What you return should be the lines from the one with "Presidió el acto" through the one with "Outdoors, a landscaped" in the data below, reproduced exactly with both ends, and no pictures at all.

[Exercise inputs]:
━━━━

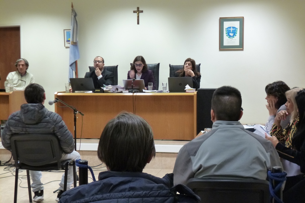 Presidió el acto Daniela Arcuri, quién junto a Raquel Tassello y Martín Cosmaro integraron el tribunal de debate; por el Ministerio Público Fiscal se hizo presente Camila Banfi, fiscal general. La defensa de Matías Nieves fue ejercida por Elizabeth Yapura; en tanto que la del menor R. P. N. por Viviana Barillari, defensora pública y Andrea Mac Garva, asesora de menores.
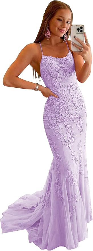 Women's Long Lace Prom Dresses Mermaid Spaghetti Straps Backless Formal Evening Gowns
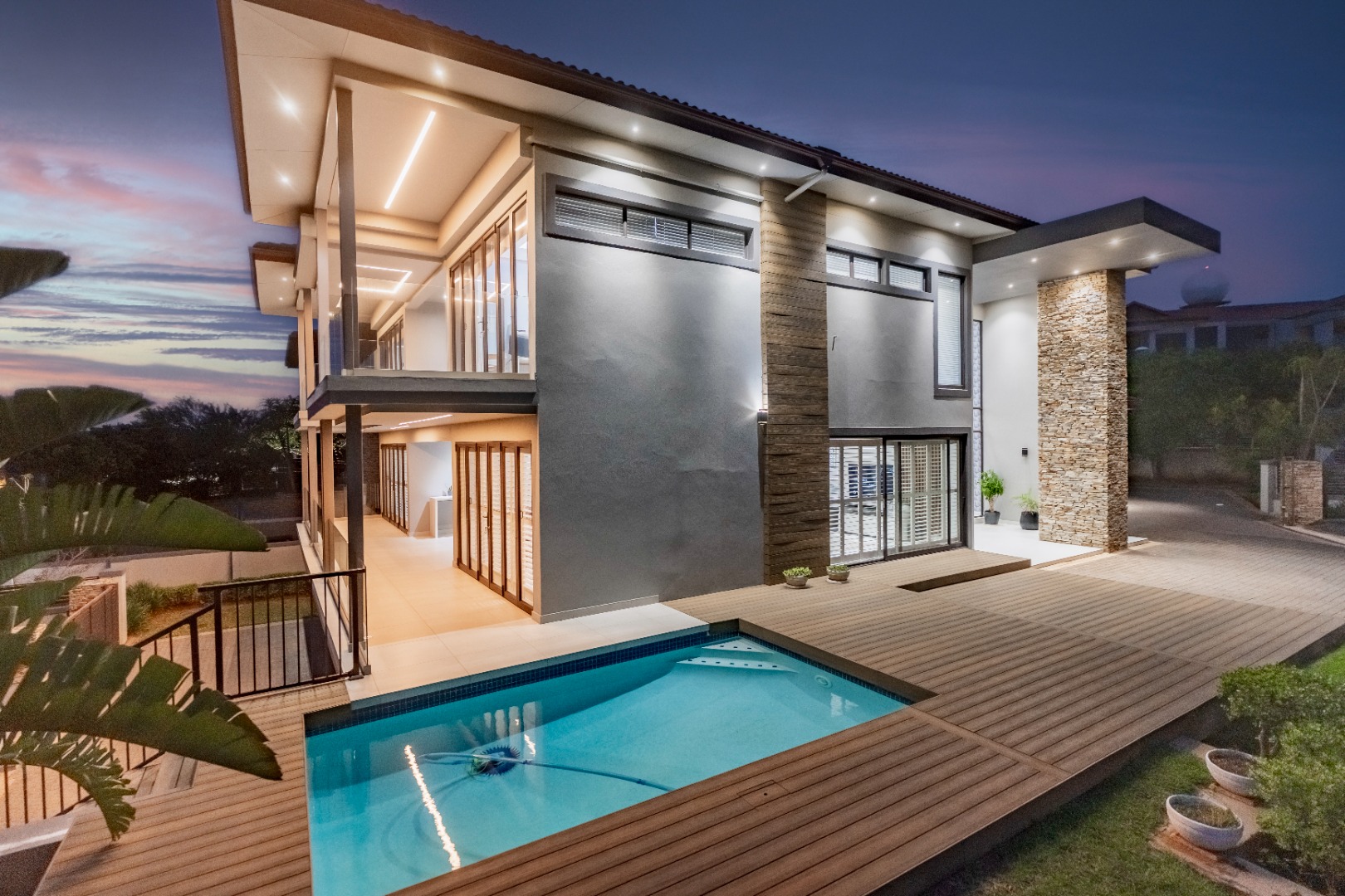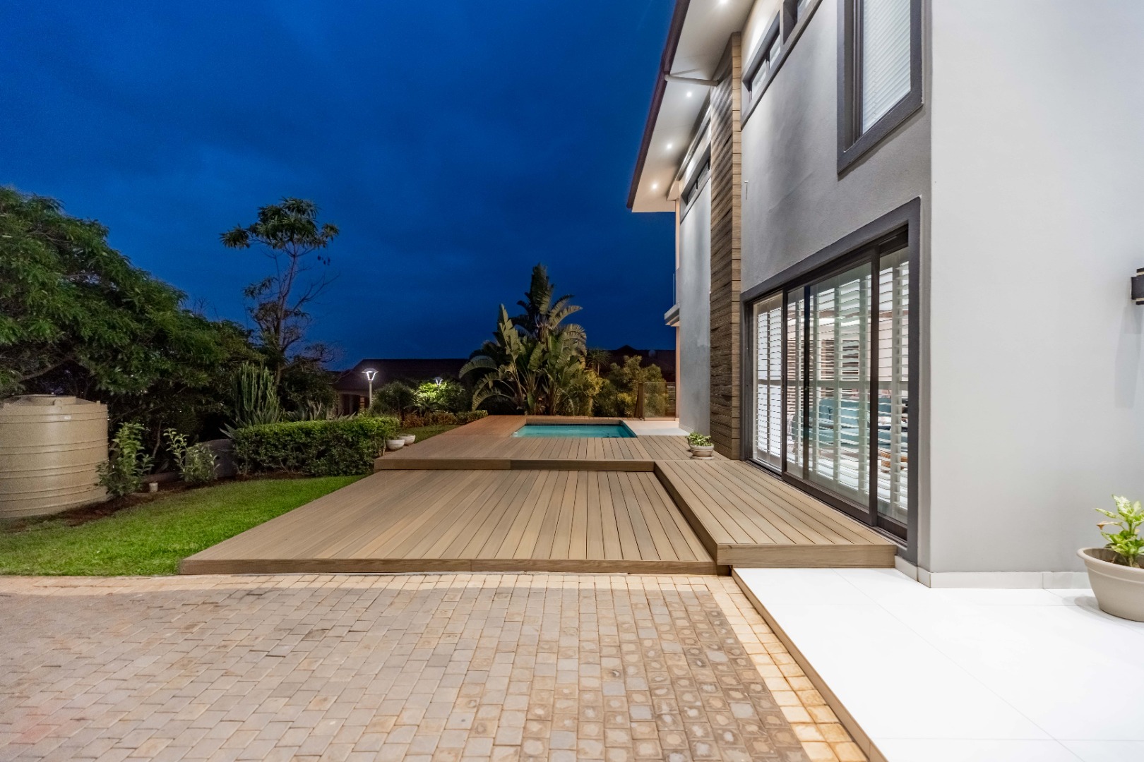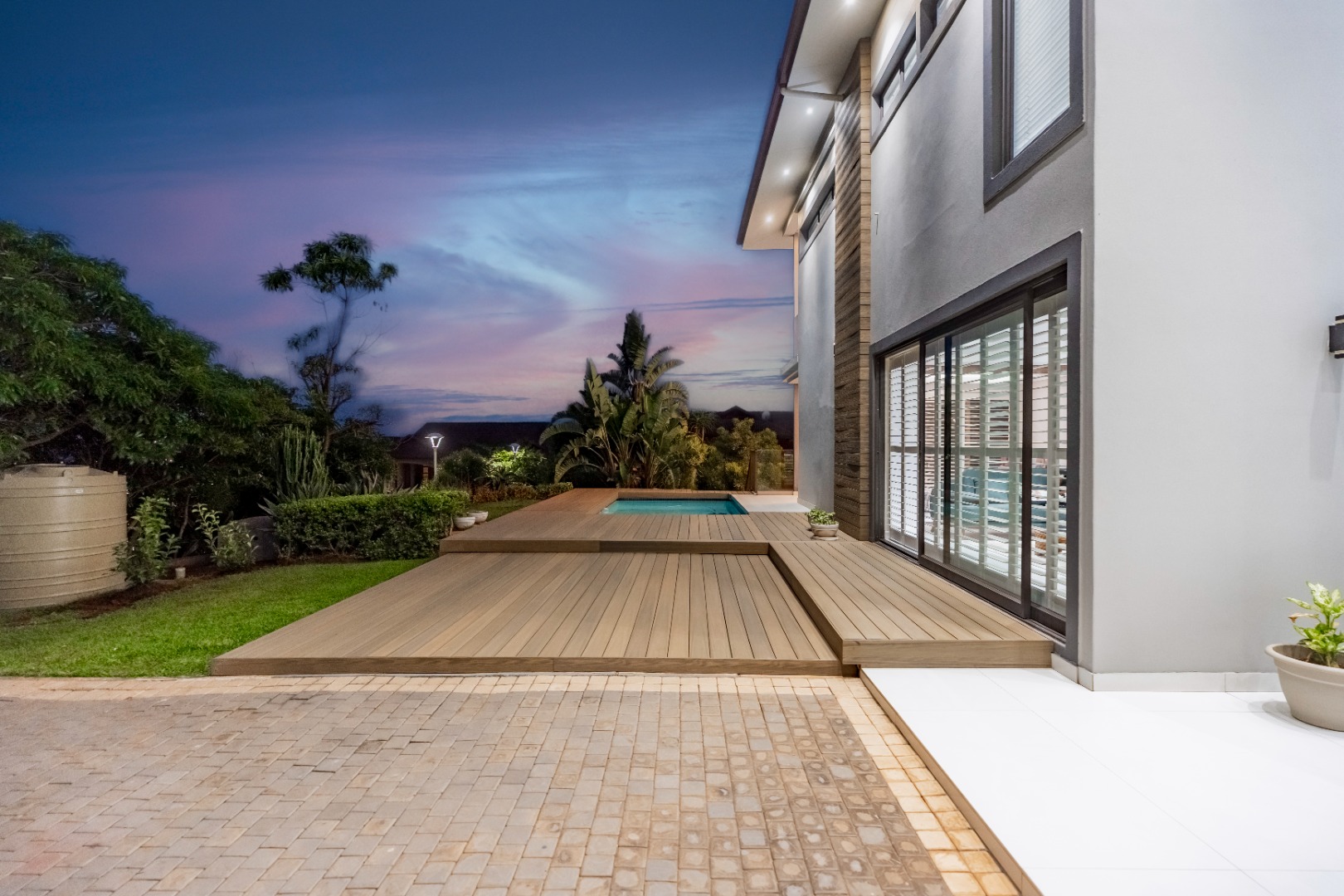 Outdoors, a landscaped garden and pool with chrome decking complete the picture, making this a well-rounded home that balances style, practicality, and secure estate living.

━━━━

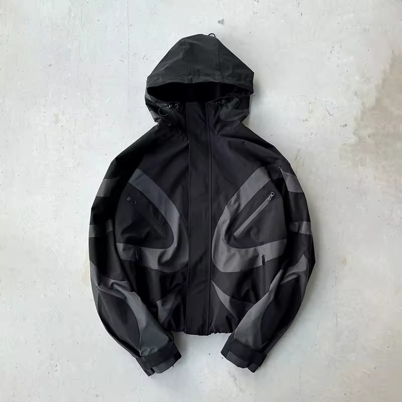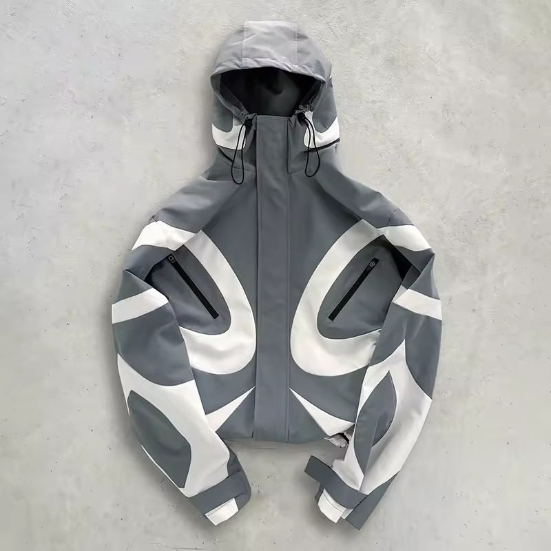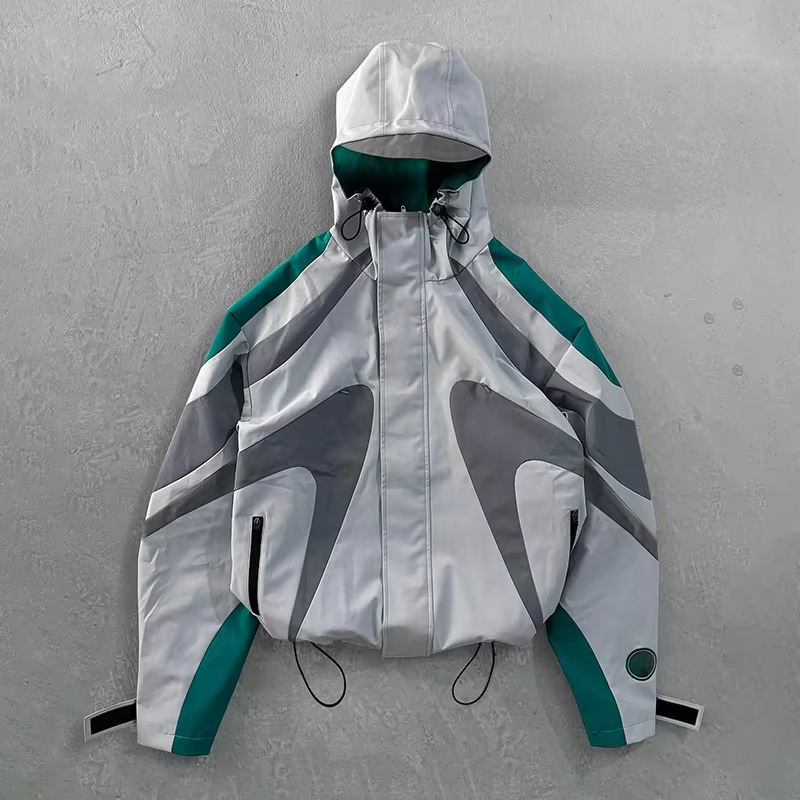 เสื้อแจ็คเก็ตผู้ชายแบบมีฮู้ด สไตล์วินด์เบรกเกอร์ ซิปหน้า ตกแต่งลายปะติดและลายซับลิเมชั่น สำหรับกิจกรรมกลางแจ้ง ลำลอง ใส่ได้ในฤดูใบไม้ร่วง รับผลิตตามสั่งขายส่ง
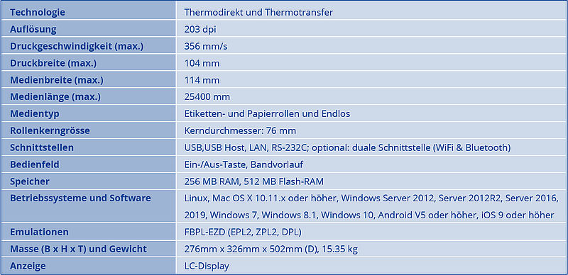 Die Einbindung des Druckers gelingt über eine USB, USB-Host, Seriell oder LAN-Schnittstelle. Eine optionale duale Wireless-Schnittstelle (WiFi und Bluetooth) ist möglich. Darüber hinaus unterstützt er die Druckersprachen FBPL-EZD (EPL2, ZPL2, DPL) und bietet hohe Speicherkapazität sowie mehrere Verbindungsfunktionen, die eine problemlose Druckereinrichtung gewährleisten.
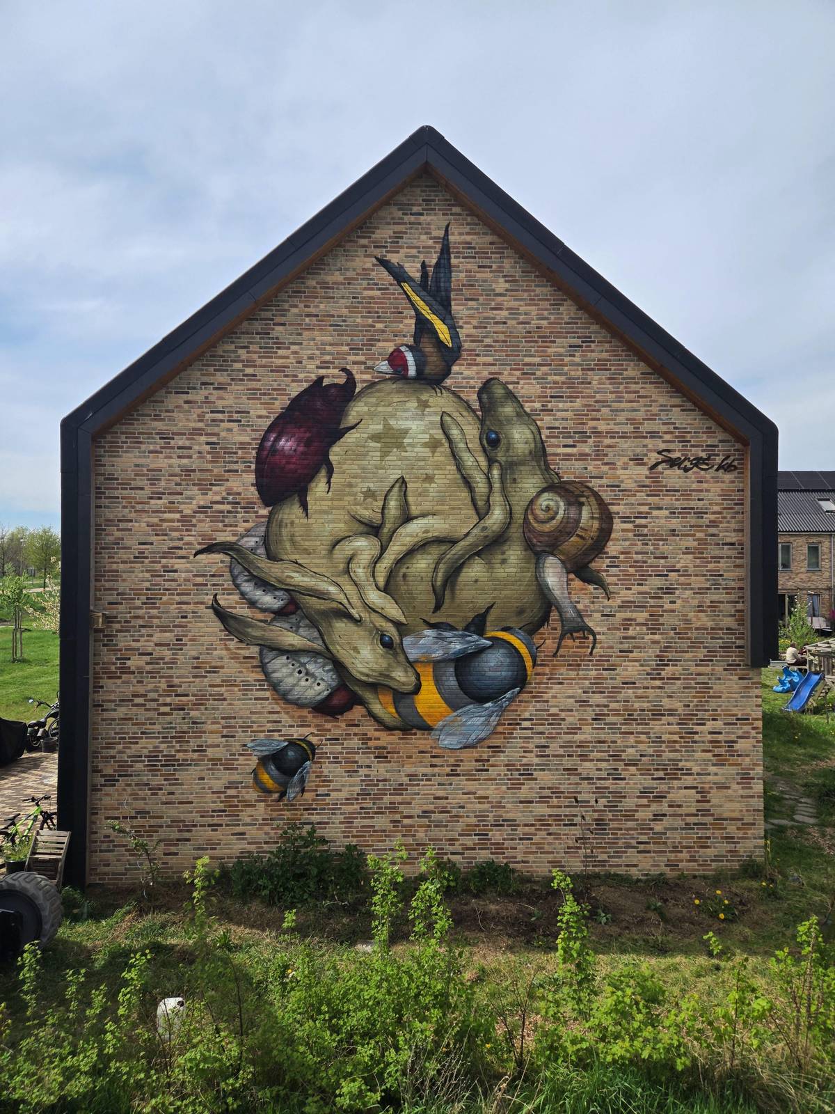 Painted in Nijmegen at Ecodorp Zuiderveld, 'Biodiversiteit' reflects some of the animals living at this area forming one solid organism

━━━━

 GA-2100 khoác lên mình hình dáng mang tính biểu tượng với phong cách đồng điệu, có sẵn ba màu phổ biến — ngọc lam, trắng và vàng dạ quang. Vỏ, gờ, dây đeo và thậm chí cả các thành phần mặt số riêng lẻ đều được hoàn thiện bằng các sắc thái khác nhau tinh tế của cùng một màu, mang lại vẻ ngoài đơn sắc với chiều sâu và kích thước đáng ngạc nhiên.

━━━━

[Result of the task]:
 Presidió el acto Daniela Arcuri, quién junto a Raquel Tassello y Martín Cosmaro integraron el tribunal de debate; por el Ministerio Público Fiscal se hizo presente Camila Banfi, fiscal general. La defensa de Matías Nieves fue ejercida por Elizabeth Yapura; en tanto que la del menor R. P. N. por Viviana Barillari, defensora pública y Andrea Mac Garva, asesora de menores.
 Women's Long Lace Prom Dresses Mermaid Spaghetti Straps Backless Formal Evening Gowns
 Outdoors, a landscaped garden and pool with chrome decking complete the picture, making this a well-rounded home that balances style, practicality, and secure estate living.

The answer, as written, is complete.